Green Light Go is a deeply layered album, in which each part is fully and equally developed. This type of balance can frequently go amiss when a group tries to stratify its music. So, it’s pretty refreshing to hear the result of a success story! While front woman Lesli Wood wrote the framework for most of the album, band-mates Sydney Stolfus, Betty ST and Larry Brady (Larry is her husband, incidentally) were able to meet the demands of her songwriting and subsequently develop the band’s new sound further to showcase each musician.
The album seems, in fact, to be a collaborative of each musician’s own personal background. While Wood’s obvious lust for structured punk drives the vocals and momentum in the album, you can hear a guitarist who grew up on metal or a drummer who grew up on his very own thing — and shockingly, it works. Rather than creating an unfocused or overreaching sound, The Redwood Plan manages to synthesize the varied talents of each member to create an energetic, forward-moving album that’s frankly not like anything else I’ve heard coming out of Seattle right now and I’m sold.
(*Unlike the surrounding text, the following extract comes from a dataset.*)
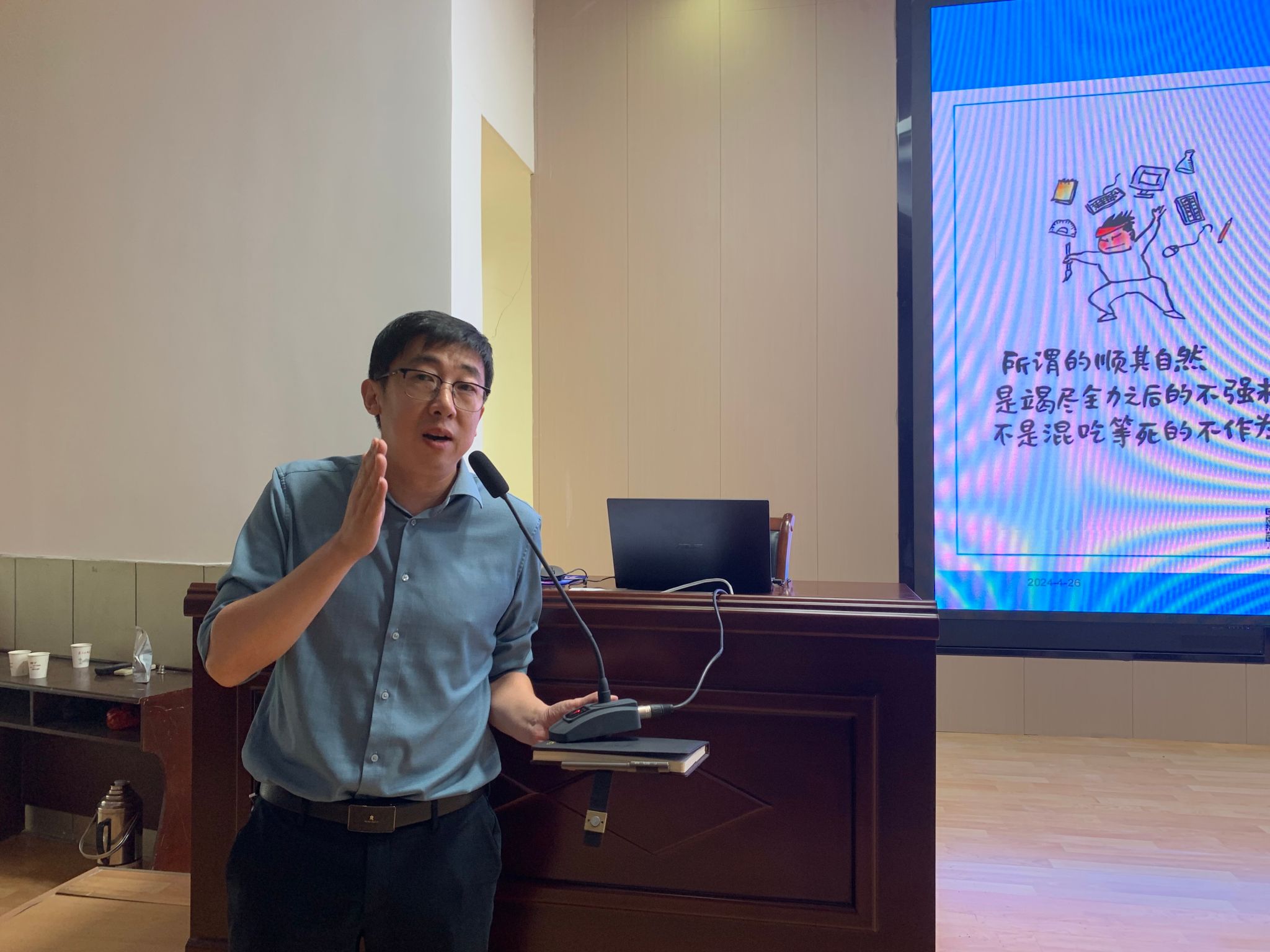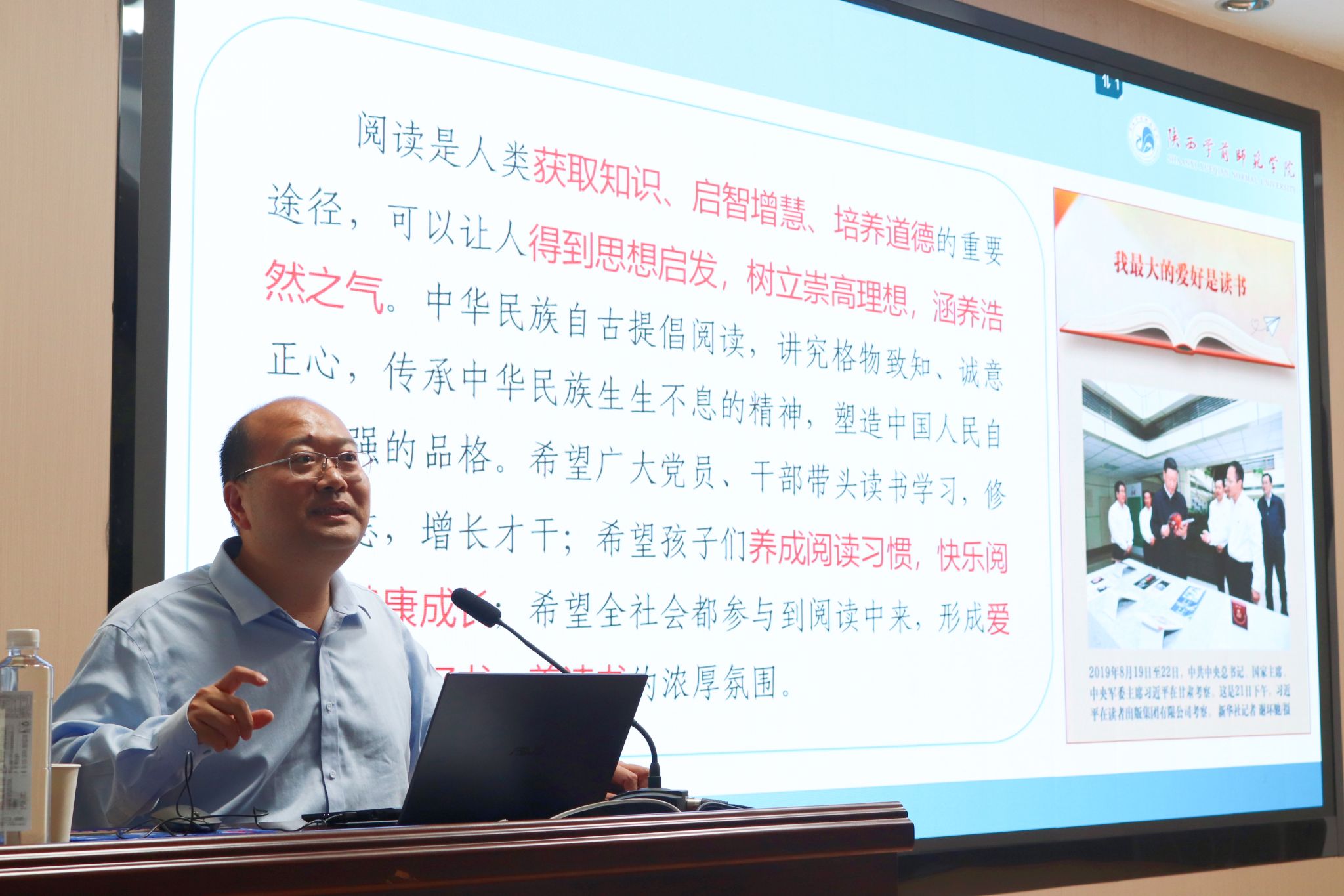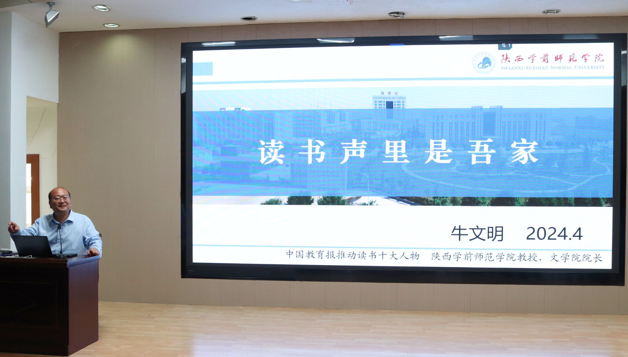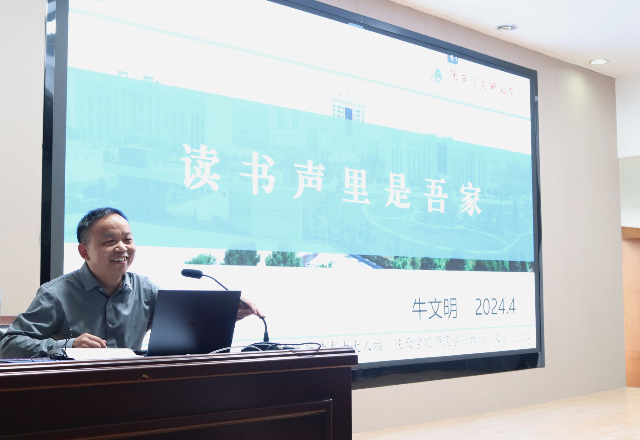 4月26日下午,陕西学前师范公司文公司经理牛文明教授应邀来公司为2023级员工做了“读书声里是吾家”的专题读书报告。本次报告由2138cc太阳集团官网入口经理杨运庚主持。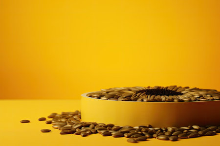 yellow podium close shot golden backg studio with sunflower seeds

I’m usually a total sucker for the first song of an album, but it’s actually third track “The Scenery and Melody” that stuck out the most on my first, second and every subsequent listen of the album. While neither the tempo nor momentum necessarily fade in this song, it somehow refocuses the energy to a lower frequency that provides welcome variety and reprieve. It’s a well-constructed album with changes in direction throughout while never letting go of that energy.